A multinational military group comprised of former chiefs of staff, generals and politicians submitted a report to the United Nations on Friday indicating that Israel went to great lengths to adhere to the laws of war and to protect Palestinian civilians during last summer’s 50-day war with Hamas in and around the Gaza Strip.
The report was submitted to the official UN probe into Operation Protective Edge, the UN Human Rights Council’s Commission of Inquiry, which is expected to issue its own report in the coming days. The findings are set to be discussed at the end of the month before the council.
The High-Level International Military Group on the Gaza Conflict in 2014 held a fact-finding mission to Israel between May 18-22. It was sponsored by a pro-Israel group, was reportedly given unprecedented access to senior officials, and investigated allegations of war crimes and disproportionality.

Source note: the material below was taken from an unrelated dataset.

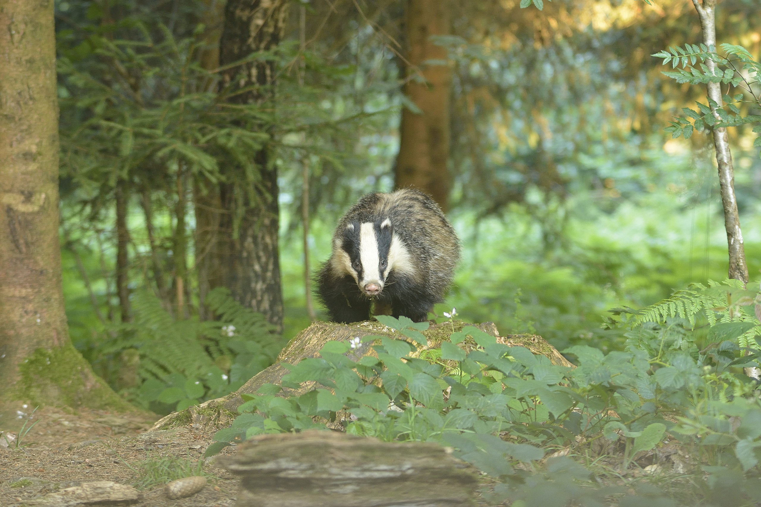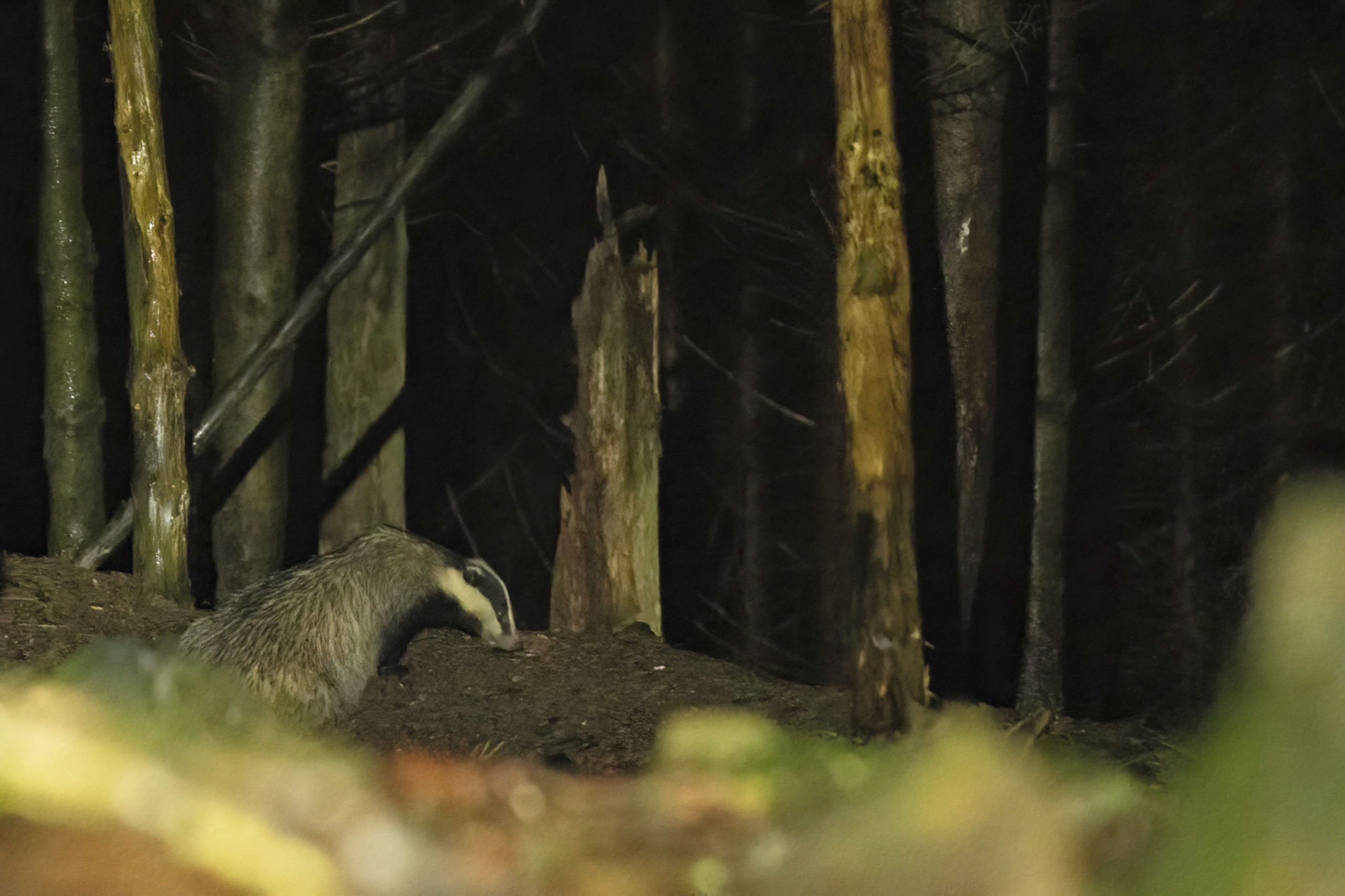 Terwijl we wachten horen we de eerste burlende herten en bij elke tak die kraakt hoop ik op een koppel wilde zwijnen. Plotseling steekt een eerste das zijn kop uit de burcht… Wat een machtig beest is het toch. Met hun mooie zwart-wit getekende kop zijn de dieren ook in het inmiddels donkere bos goed te zien. Na de eerste das volgen al snel nummer twee en drie en is de show begonnen. Ze scharrelen de hele bosvloer af op zoek naar iets te eten. Dan zie ik nog iets bewegen in de grote uitgang van de burcht en in plaats van een vierde das komt er een vos naar buiten. Prachtig om te zien dat deze dieren zonder problemen naast elkaar in dezelfde burcht leven.

The group found that “during Operation Protective Edge last summer… Israel not only met a reasonable international standard of observance of the laws of armed conflict, but in many cases significantly exceeded that standard.”
They wrote that “in some cases Israel’s scrupulous adherence to the laws of war cost Israeli soldiers’ and civilians’ lives.”
The mission specified that, according to its findings, the summer conflict was “not a war Israel wanted,” and it exercised great restraint in the months preceding the war when its civilian centers, especially in the south, were targeted by sporadic rocket attacks from Gaza.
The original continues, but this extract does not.